Learn How Diabetic Supplies Have Changed Over The Years

By Thomas Reed


Over the past forty some years, there have been a lot of changes in diabetes technology. Management of this disease has seen significant changes in the types of insulin, measuring glucose, and insulin administration. The changes in diabetic supplies have greatly improved the lives of countless people. In the late 70s glucose was monitored with urine using monitoring tapes, tablets that changed color, and dipsticks had barely been introduced.
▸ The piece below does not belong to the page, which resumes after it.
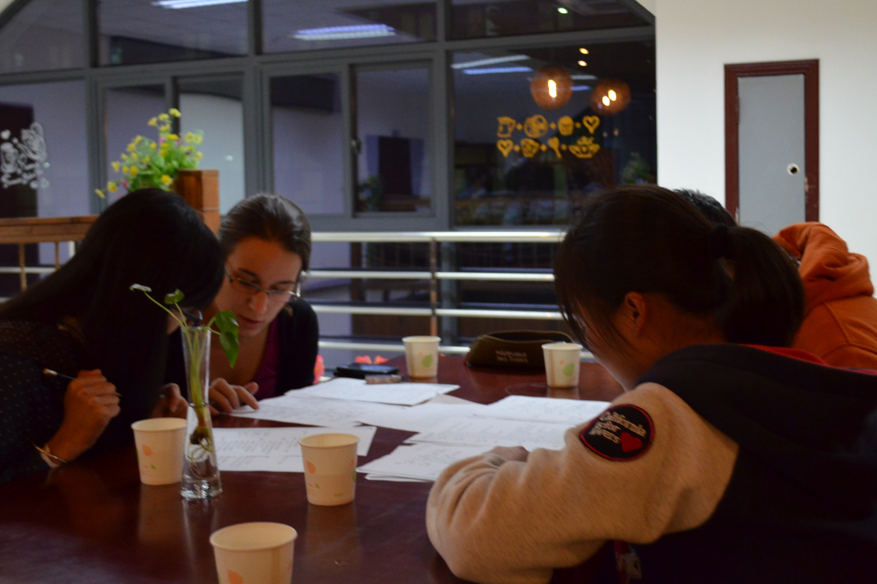 首先,参加活动的同学被分为三个小组,在组内互相介绍并自由交流,增进对彼此的了解。接下来,组织人员为每个小组发放《罗密欧与朱丽叶》的小段节选剧本,让同学们熟悉剧本,准备表演。各组同学纷纷组成中外搭档,互相用中文和英文帮助对方了解剧本。在学习剧本的过程中,同学们不仅学到了新的单词生字,而且对中西方文化尤其是与莎翁剧本有关的西方文化有了更深刻的认识,促进了中西方文化交流。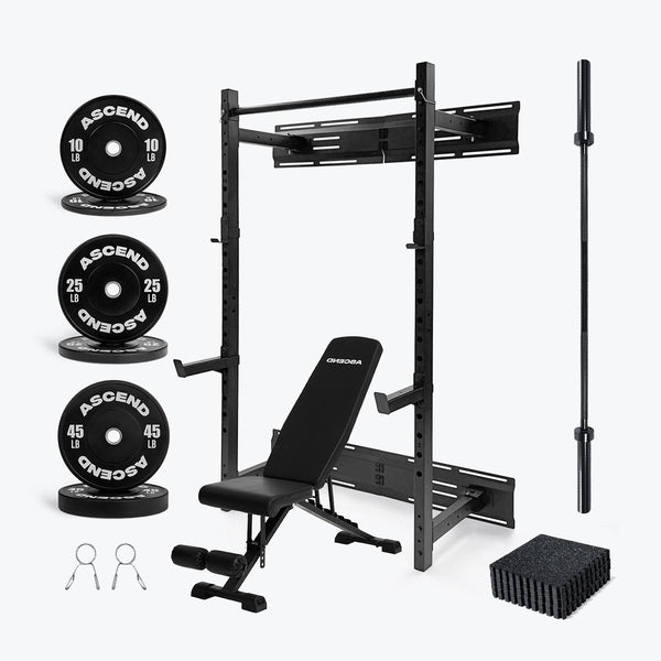 - Foldable wall power rack, the ideal solution if you're looking to incorporate power lifting in your routine, but also want to save space

In spite of nonexistent technology, health care practitioners believed diabetes management was state of the art. There were no notable changes in the management of diabetes from 1947 to 1977. Folks monitored glucose in the urine and took one to two doses of insulin at a fixed amount. Today there are personal glucose monitors that test the blood, many different types of insulin, and a variety of options for injection. This disease requires a high level of diligence by the patient.

Because of the nature of the disease, it necessitates attention several times during the day. The patient must calculate meals and snacks, administer insulin, and check glucose. In addition, the need to pay close attention to how they feel to identify hypoglycemia. This condition requires a higher level of attention than most. Unfortunately, over the years, this fact has not changed.
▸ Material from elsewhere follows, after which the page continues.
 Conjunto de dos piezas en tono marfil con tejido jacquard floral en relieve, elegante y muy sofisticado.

Professionals who do not have the disease do not fully understand the huge burden their patients have. Regardless of the improvements that have changed the way people take insulin and monitor glucose, the day to day burden of managing the disease has not changed. Although the advances have made testing and insulin administering simpler, the individual will still need to be diligent with the attention this condition requires.
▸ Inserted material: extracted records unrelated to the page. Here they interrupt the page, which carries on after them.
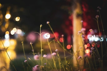 路边绿化带的彩灯照亮了整条街,试着拍一张不一样的照片。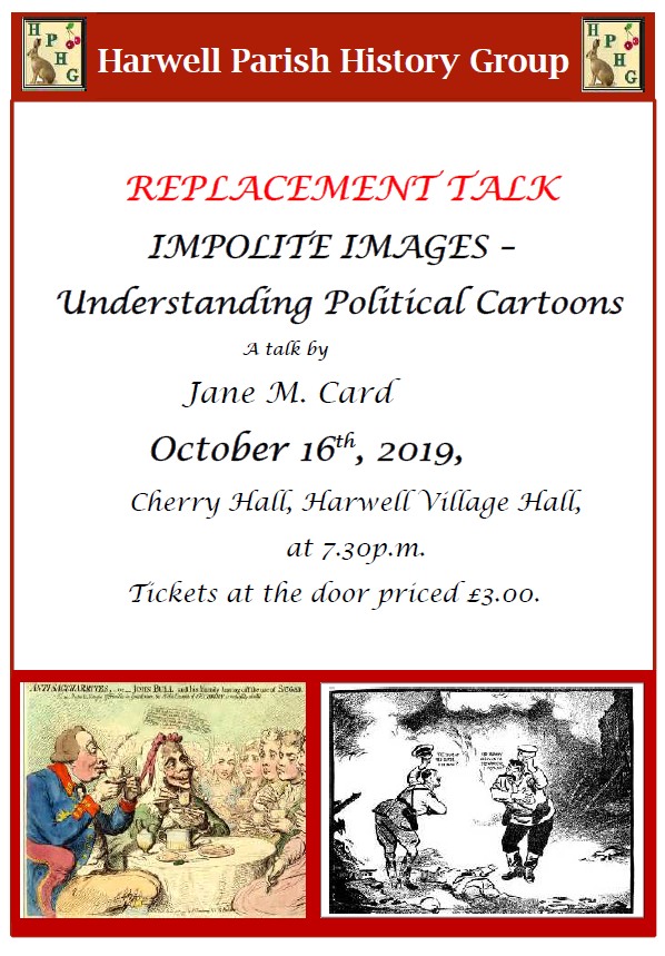 Hello. Charlie East is unwell, and upset at not being able to make this evening to give his talk. ( We will re schedule his talk on the Kennet and Avon Canal, which looked great.) So I am giving “Impolite Images- understanding political cartoons” instead. Lots of pics, some funny. Humble apologies for bothering you if you were not intending to come – I am simply emailing everyone in sight, as it were. Poster attached. Jane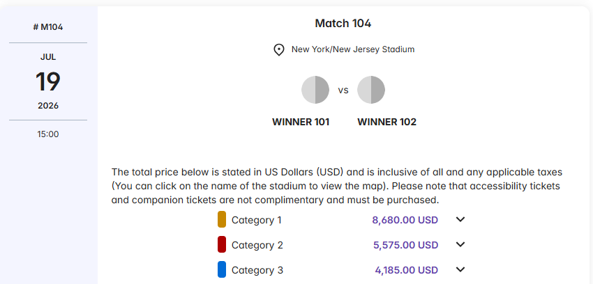 根据FIFA官网上的定价表,世界杯决赛的“经济票”起价为4185美元,“标准票”为5575美元,“高端票”则为8680美元。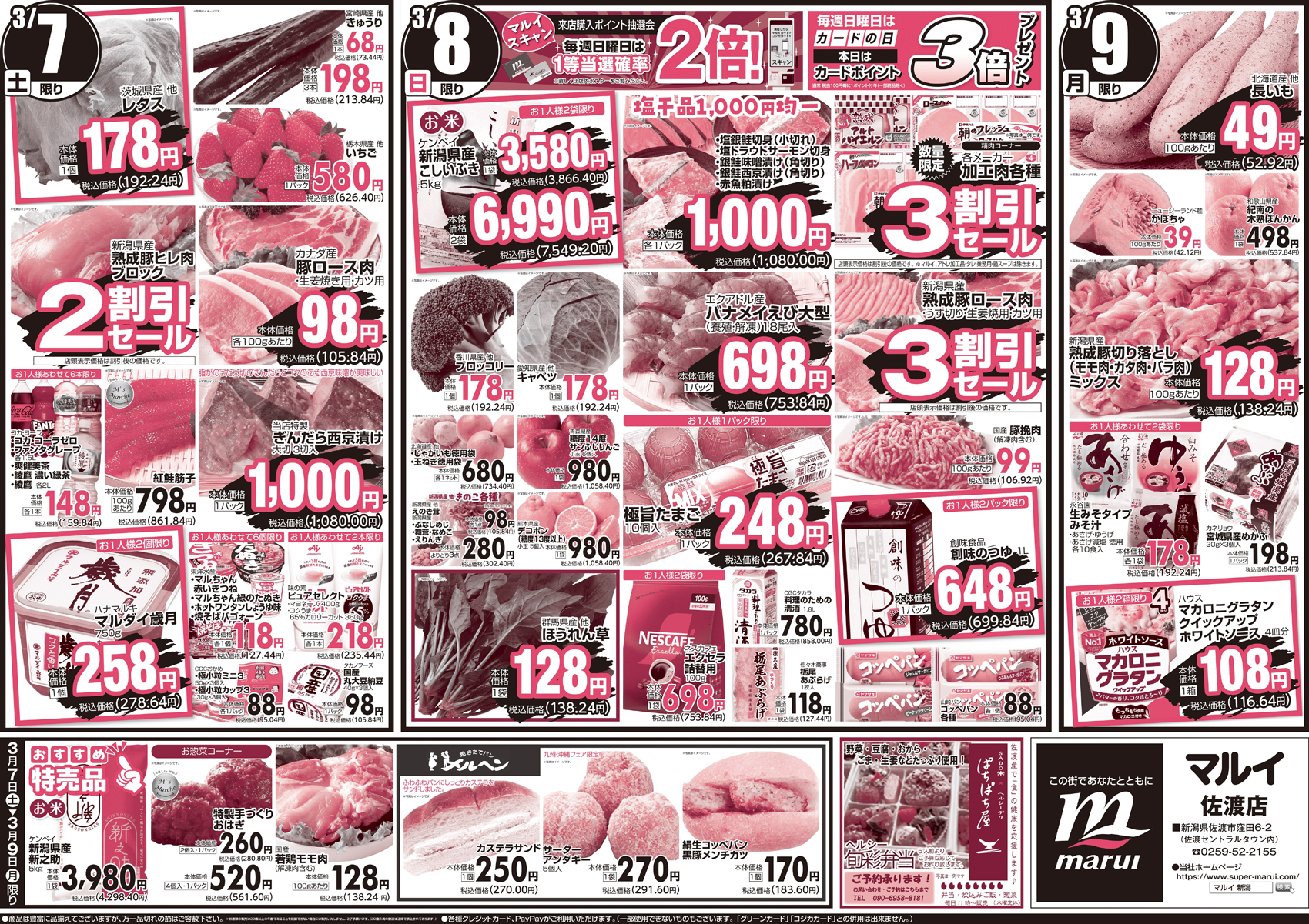 株式会社マルイ 【マルイ佐渡店チラシ】九州&沖縄フェア 掲載期間:2026年3月6日〜2026年3月9日 佐渡 スーパーマルイ 画像をクリックして拡大 prev next セール・新店情報を見逃さない! ガタチラをホーム画面に追加して、 最新情報をすぐチェック▶追加方法はかんたん♪ 関連 「生さば刺身」食べたいな~♪

Nutrition therapy has also been affected by changes. There are many discussions about the type of food that should or should not be consumed. However, the actual concern seems to be whether insulin should be made to match the food or foods should match the insulin. For years patients were prescribed a diet, met with the dietitian, and given food exchange lists or lists with carbohydrate values. The insulin dosage was set and the foods prescribed.

With Diabetes Type I, the patient measures glucose and based on the level, adjusts the insulin dose. This takes place before the meal. Today, insulin dosage is matched to the food that is eaten. However, this does not give permission for people to consume anything they want. Contrary to traditional dosing, this method gives insulin following a meal.

This type of insulin requires the patient to spend time evaluating their meal content, amount, and type. The person will then make a judgment and determine the amount of insulin they need to administer. Not every individual, or family member, is capable to of performing this type of analysis. Not all patients have the skill to calculate the right dose of insulin.

In the past, people ate their meal after they took a fixed dose of insulin. Now they have the option to select foods, analyze them, taking glucose level into account, and determine the dose of insulin that is needed following a meal. This method is indicative of a shift in managing diabetes.